В мае этого года Meta провела красную линию для своих инженеров.

Людям из отдела прикладного AI-инжиниринга больше нельзя было свободно использовать Claude Code и Codex.

Согласно внутренним рекомендациям, полученным The Information, один меморандум даже напрямую требовал приостановить некоторые задачи, связанные с использованием этих двух моделей. В документе были довольно резкие формулировки, в нём говорилось, что это может вызвать «серьёзную эскалацию с партнёрами».

Однако аномалия как раз в этом и заключается.

Meta является одним из крупнейших в мире клиентов Claude Code. Её общий счёт за внутреннее использование ИИ в этом году приближается к десяткам миллиардов долларов.

Инструмент, без которого не обходятся ежедневно, купленный компанией за большие деньги, теперь ограничен для внутреннего использования. А причина ограничений, как вы, наверное, догадываетесь, неожиданна.

Не в том, что они плохие. Как раз наоборот — они слишком хороши.

Эта красная линия всё ещё действует

Согласно отчёту The Information, эти ограничения были введены ещё в мае и до сих пор остаются в силе.

Чтобы понять, почему Meta так нервничает, нужно начать с её внутреннего проекта по созданию ИИ-помощника для программирования.

В этом году она сформировала команду прикладного AI-инжиниринга, сосредоточившуюся на собственной разработке ИИ-помощника для программирования MetaCode (ранее известного как DevMate).

Цель — перестать тратить огромные деньги на использование чужих ИИ-моделей для программирования и обучить свою собственную.

Официальный интерфейс Claude Code. Вместе с Codex от OpenAI он уже стал де-факто стандартом для профессиональных разработчиков, занимающихся интеллектуальным программированием.

Однако обучить модель, которая умеет писать код, не так просто.

Нужно кормить её огромным количеством качественных данных, а также придумывать достаточно много и достаточно сложных задач по программированию, чтобы дать ей практику и оценить её работу. Этот набор задач и система оценки во многом определяют, насколько мощной в итоге окажется модель программирования.

Но проблема как раз в этом.

Сложность, с которой столкнулась Meta, заключается в том, как не дать сотрудникам слишком сильно зависеть от этих внешних инструментов при создании внутренней альтернативы.

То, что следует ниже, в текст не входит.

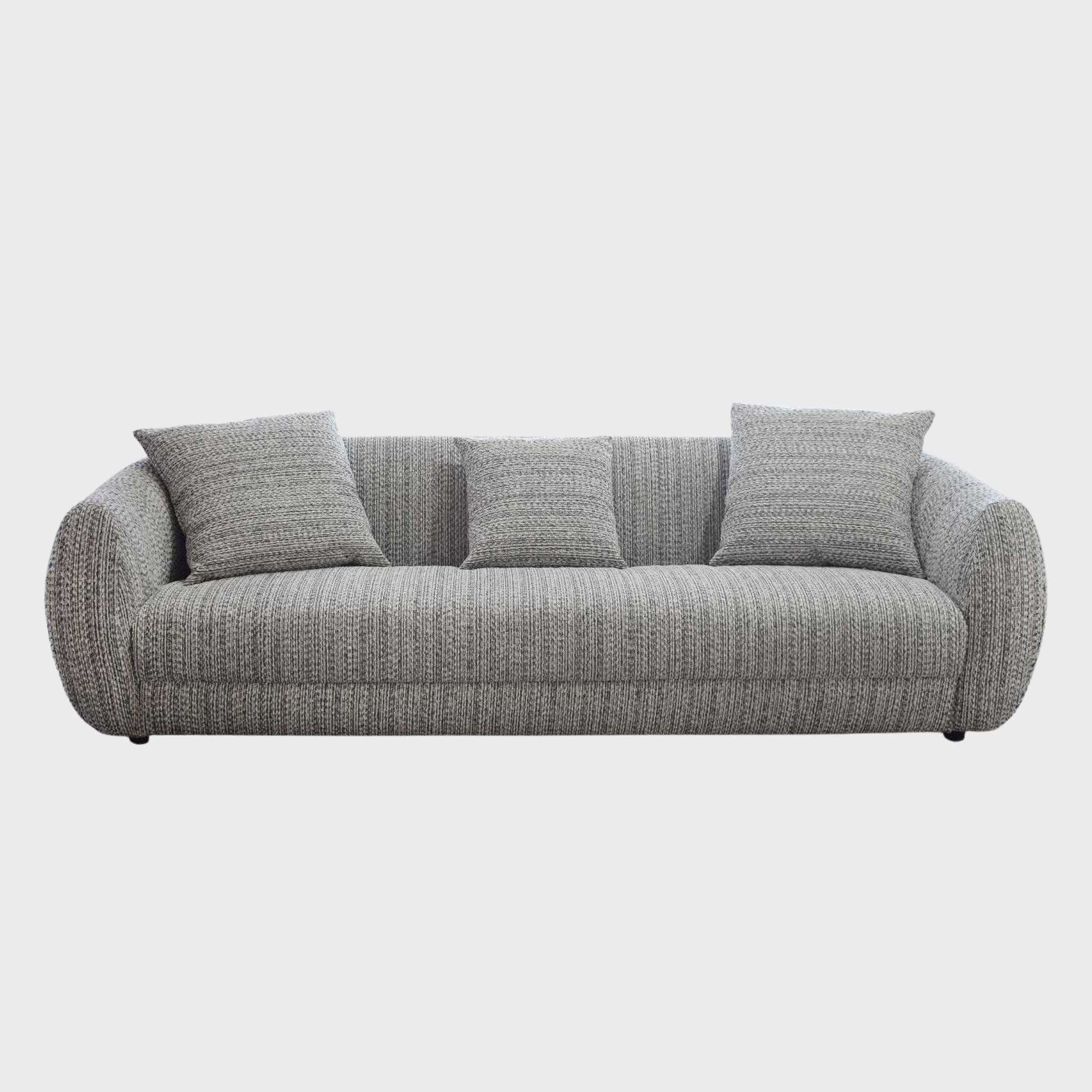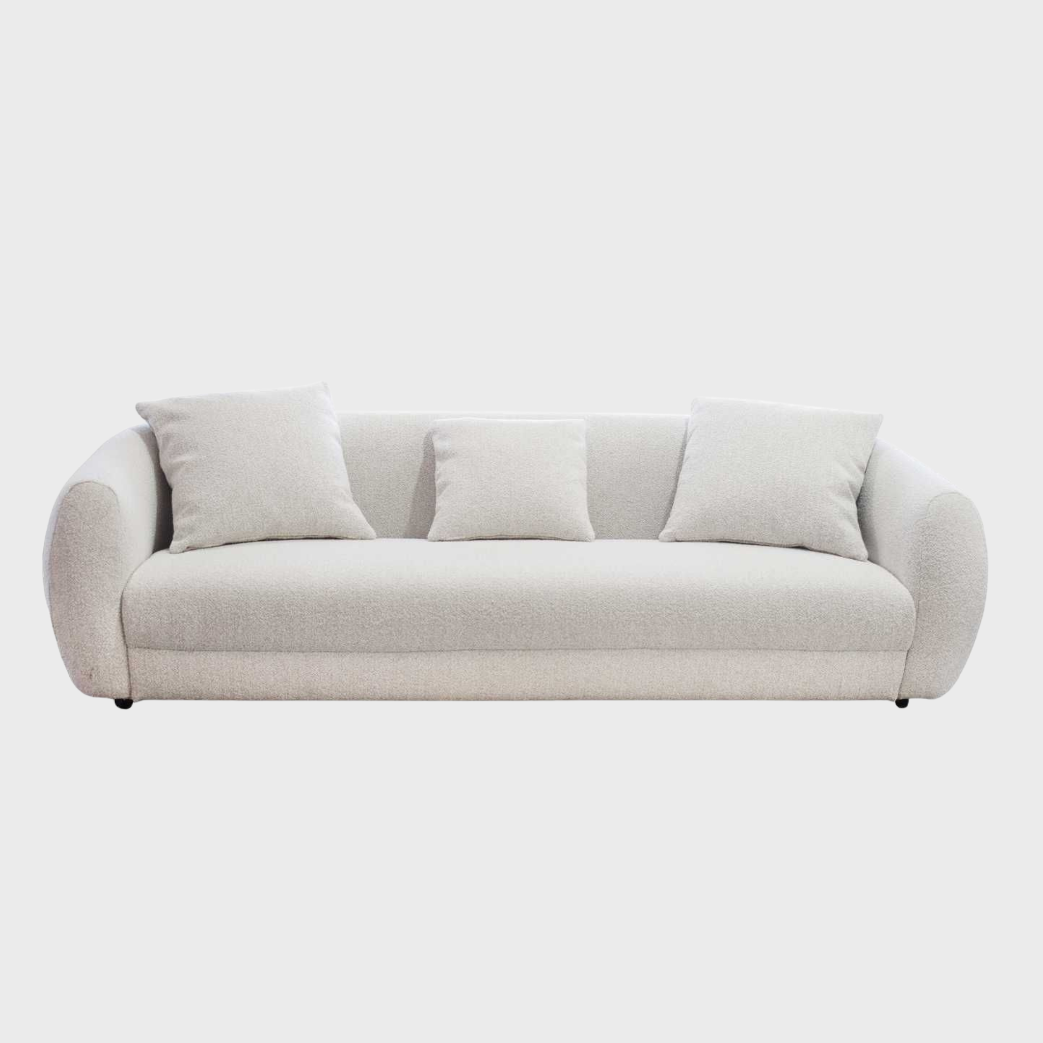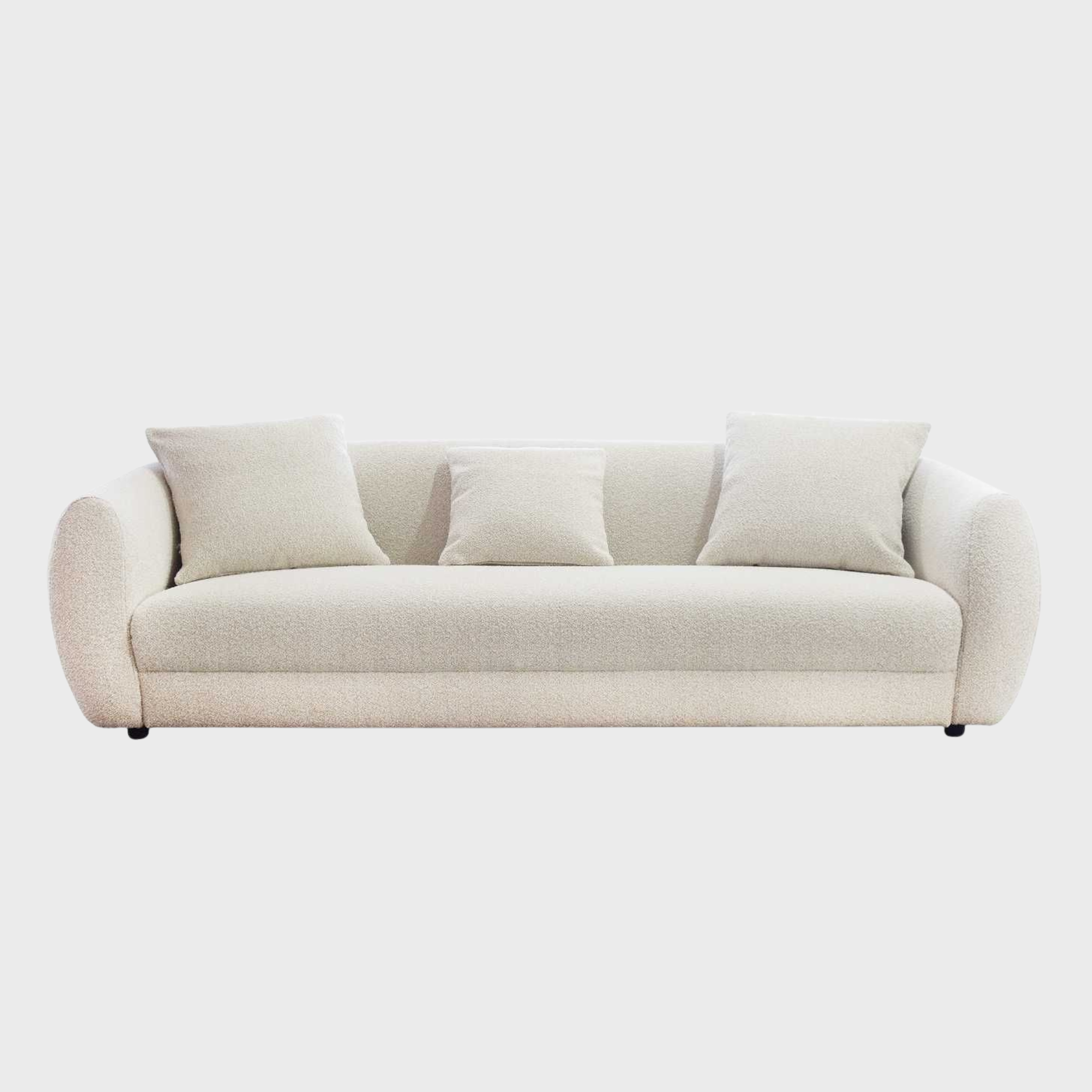 This contemporary collection features a range of silhouettes, from the broad, inviting profile of the four-seater to the compact elegance of the loveseat, making it ideal for diverse modern layouts. Each piece is upholstered in a premium, high-texture bouclé that balances a soft tactile feel with long-term durability against daily wear. Designed with deep-seated cushioning and supportive backrests, these sofas offer an uncompromising lounging experience while maintaining a clean, sophisticated aesthetic.

Она опасается, что выходные данные этих внешних моделей просочатся в обучающие данные, и её собственная модель тайно научится способностям конкурентов.

Чтобы понять это опасение, нужно знать, как модель «учится»: чем вы её кормите, такой она и становится.

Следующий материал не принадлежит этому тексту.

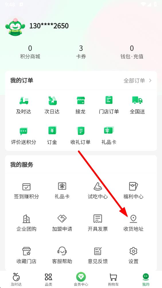 2、在個(gè)人界面中,找到我的服務(wù)板塊,點(diǎn)擊收貨地址選項(xiàng),進(jìn)入收貨地址管理頁面。
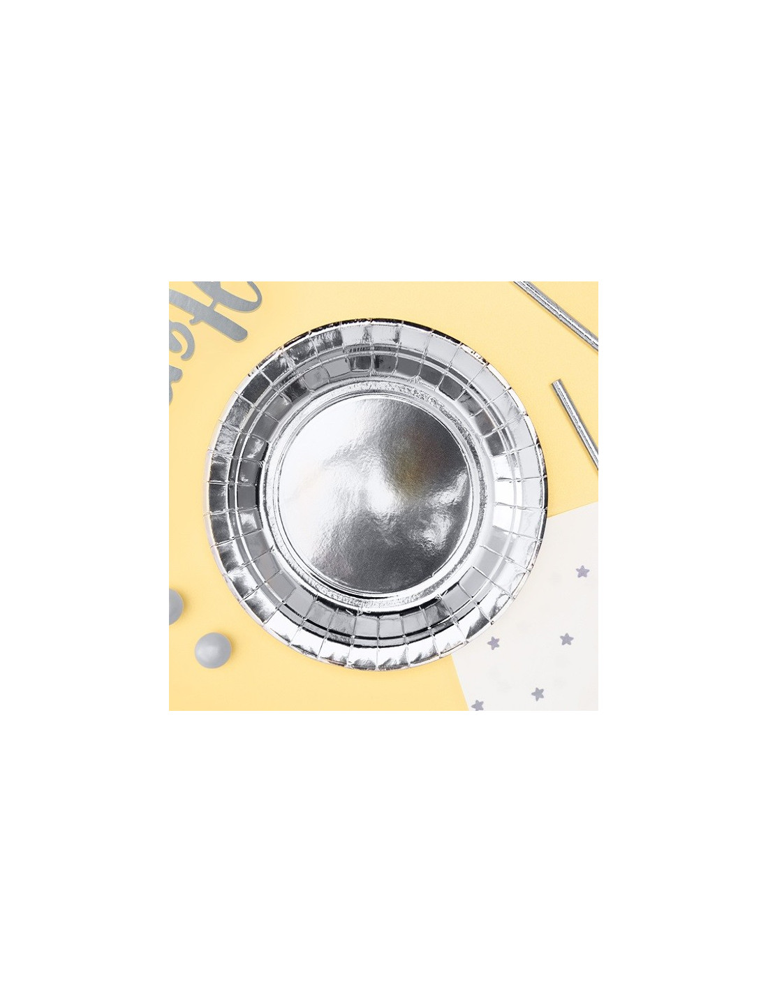 6 Assiettes de fête en papier métallique argenté - Déco de table

MetaCode хочет стать сильнее, опираясь именно на тот набор обучающих данных и задач по программированию, которые собирают инженеры.

Но если эти задачи, ответы и даже критерии оценки исходят от Claude или Codex, то MetaCode научится не «умениям, которые привили человеческие инженеры», а «умениям Claude».

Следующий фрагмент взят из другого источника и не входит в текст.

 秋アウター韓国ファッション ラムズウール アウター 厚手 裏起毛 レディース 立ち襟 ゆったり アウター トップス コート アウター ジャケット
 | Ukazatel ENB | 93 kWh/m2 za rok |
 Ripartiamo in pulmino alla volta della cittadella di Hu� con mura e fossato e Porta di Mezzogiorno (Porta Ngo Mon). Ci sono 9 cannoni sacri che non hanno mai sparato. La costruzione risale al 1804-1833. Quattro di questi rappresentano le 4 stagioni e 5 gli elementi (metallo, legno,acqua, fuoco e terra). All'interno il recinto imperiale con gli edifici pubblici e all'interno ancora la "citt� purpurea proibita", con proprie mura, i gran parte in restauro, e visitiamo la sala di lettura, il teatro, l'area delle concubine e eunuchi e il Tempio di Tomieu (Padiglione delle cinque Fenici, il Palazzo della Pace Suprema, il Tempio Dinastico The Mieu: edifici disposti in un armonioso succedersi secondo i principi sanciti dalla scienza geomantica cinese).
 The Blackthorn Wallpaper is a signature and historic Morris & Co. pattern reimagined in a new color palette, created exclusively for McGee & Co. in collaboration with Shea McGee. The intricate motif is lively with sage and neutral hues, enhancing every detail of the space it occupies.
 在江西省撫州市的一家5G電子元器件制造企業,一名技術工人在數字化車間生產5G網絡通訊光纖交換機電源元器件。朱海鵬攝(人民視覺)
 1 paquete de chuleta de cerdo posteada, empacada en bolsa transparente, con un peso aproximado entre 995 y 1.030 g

Она будет копировать ответы с листка конкурента, становясь всё больше на него похожей.

Более скрытым является этап оценки.

Каждый раз, когда модель отвечает на вопрос, что-то должно сказать ей, правильно ли она ответила, чтобы она знала, в каком направлении двигаться.

Если и постановка задач, и их проверка будут доверены Codex, то MetaCode будет эволюционировать в направлении «того, что Codex считает правильным», что равносильно постепенному копированию стандартов оценки конкурента в собственное «сознание».

Вот почему в этих рекомендациях Meta запрещено использовать ИИ в качестве постановщика задач и проверяющего, и даже контролируется, можно ли помещать «материалы, сгенерированные ИИ, в среду, к которой имеет доступ тестируемая модель».

Если вывод конкурента хоть немного просочится в цепочку обучения или оценки, граница между «кто кого научил» размывается.

В конечном счёте, приостанавливая некоторые задачи, Meta изолирует обучающие данные.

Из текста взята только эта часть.